Light/Breezes

Light/Breezes
SUNRISE AT DEATH VALLEY-Photo by Tom Cochrun

Monday, March 12, 2012

MYSTICAL MESSAGES THRU TIME?

AMERICAN CAVE PAINTINGS
ON THE CARRIZO PLAIN
      Extraordinary occurrences have taken place here in Painted Rock on the exotic Carrizo plain in San Luis Obispo County. Some look at this formation and see lizards or turtles.
          Pictographs, like the frame above fill the inner chamber of what is a sacred site for Chumash and Yokut Indians.
      The Carrizo Plain is a ten mile wide and almost 50 mile long valley in the eastern portion of San Luis Obispo County between the Temblor and Caliente mountain ranges.  In the 
middle of the northern plain lays Soda Lake, the remains of a prehistoric sea.
      In the rare rainy season the lake becomes 3000 acres of water and a winter home for Sandhill Cranes, but most of the year it is a salt bed.
      Nestled on the western edge of plain is Painted Rock, a curved bowl, not unlike an amphitheater. It is a religious site.  
      It is inside the Painted Rock that shamans and holy men 
of Chumash and Yokut people and perhaps other tribes, have held rituals and left traces of visions.
      The walls are rich with pictographs that are some of the most valuable and rare native paintings in the world.  These
are said to have been made 500 to 2000 years ago.
      The red pigments were made with ochre, the white by shale and gypsum and the black by charcoal.
      Look carefully and you see layers of history and earlier ages speaking through time. 

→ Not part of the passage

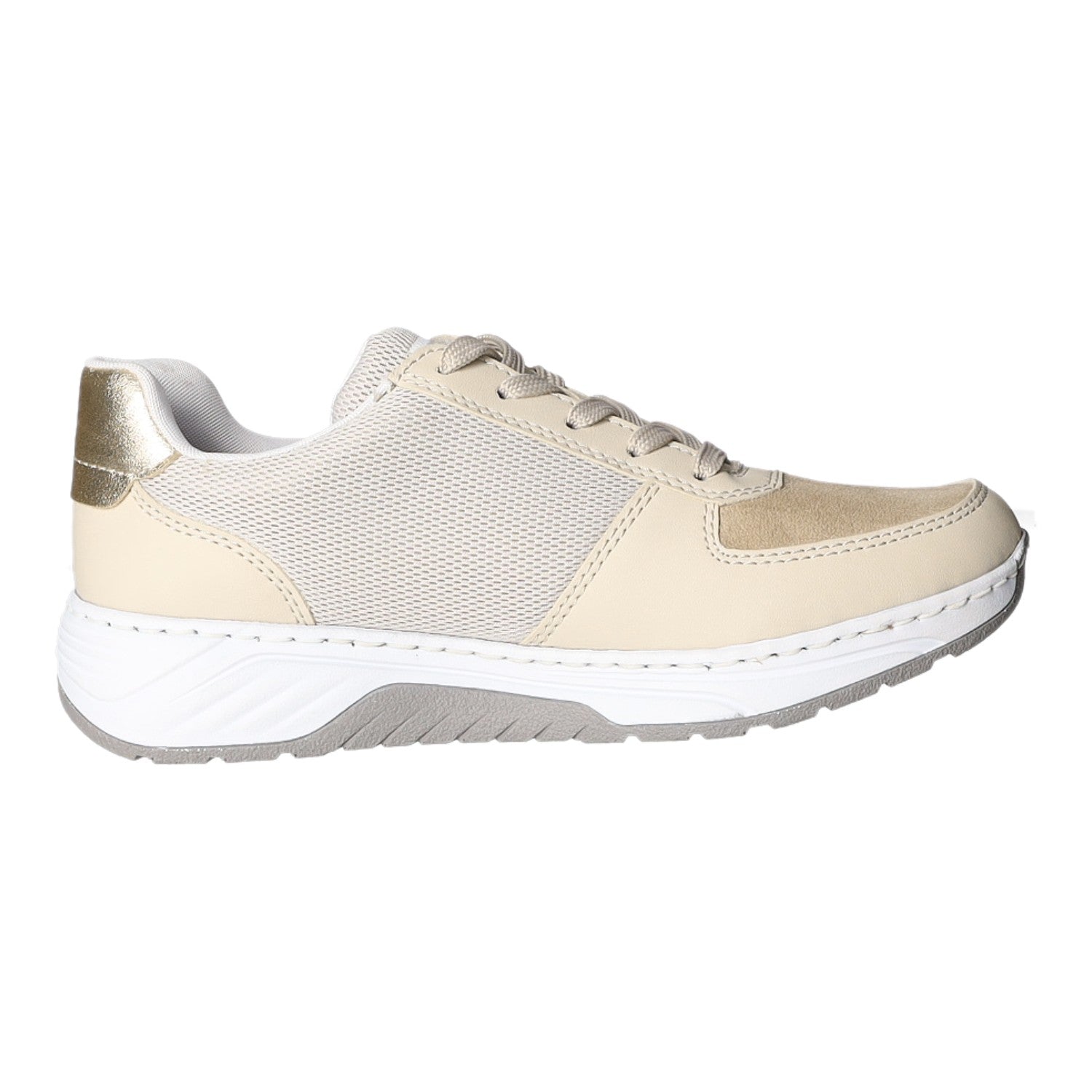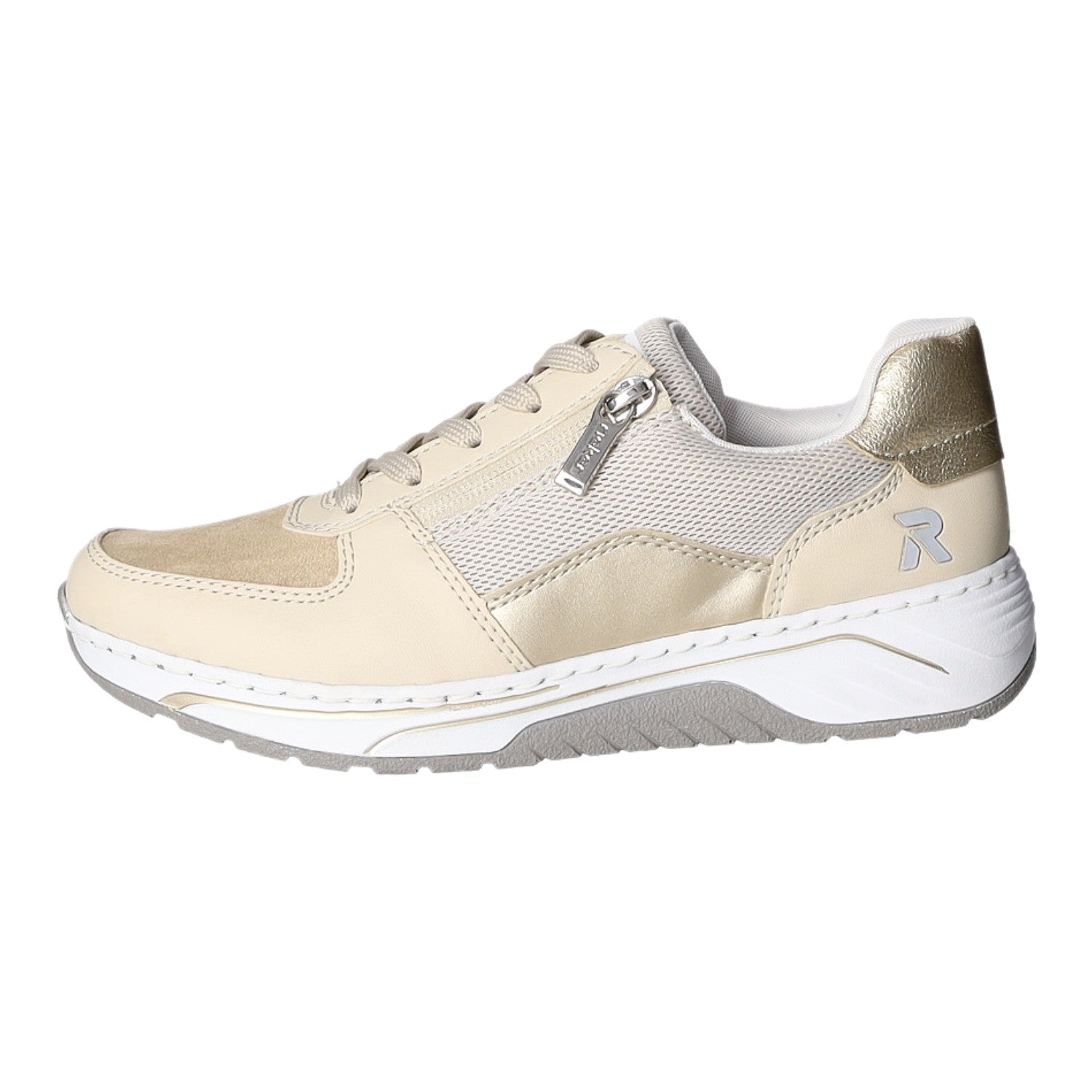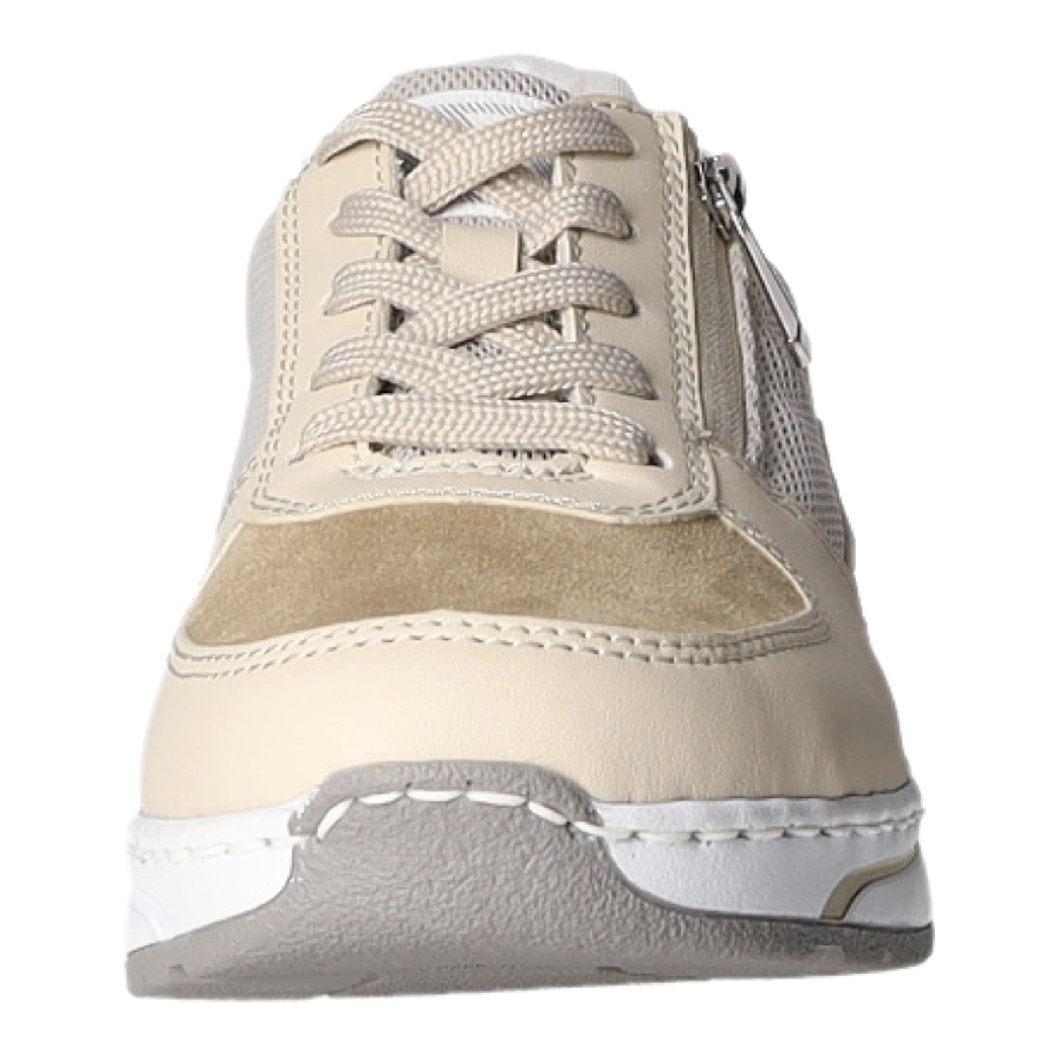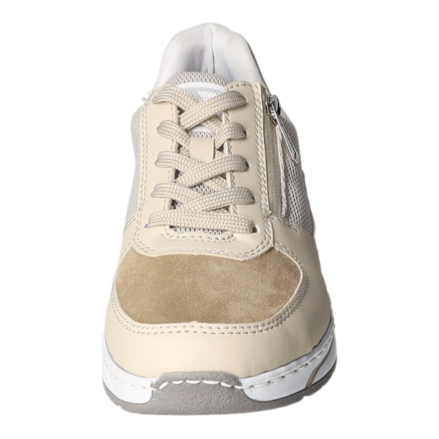 Die Kombination aus Reißverschluss und Schnürung gibt einen optimalen Halt. Das beige Obermaterial aus Kunstleder ist pflegeleicht.

     Earlier visitors desecrated the ancient paintings, so now
the Painted Rock is open only by appointment.




   
      Imagine the time when a native shaman conducted sacred ritual or activity amidst these stones that were said to resemble specific shapes or powers.
    Ancient California history is visible on the Carrizo Plain national monument, just 90 minutes from Cambria.
     See you down the trail.

3 comments:

  1. I've been to many of the Pre-Columbian sites in the Southwest. I'm always awed by the history and the humanity of them and stunned by our ignorance of the cultures that were here long before us.

    ReplyDelete
  2. Some of these beautiful rock formations remind me of the work of Henry Moore, who was also looking for sacred shapes and eternal meaning. Quite beautiful.

    ReplyDelete
  3. Stephen--My wife, a talented artist, and I both like Moore's work. There is a beautiful
    piece in Columbus Indiana that we used as a center piece for a Christmas card many years ago.

    Jager-So right you are! Our definition of history could be expanded.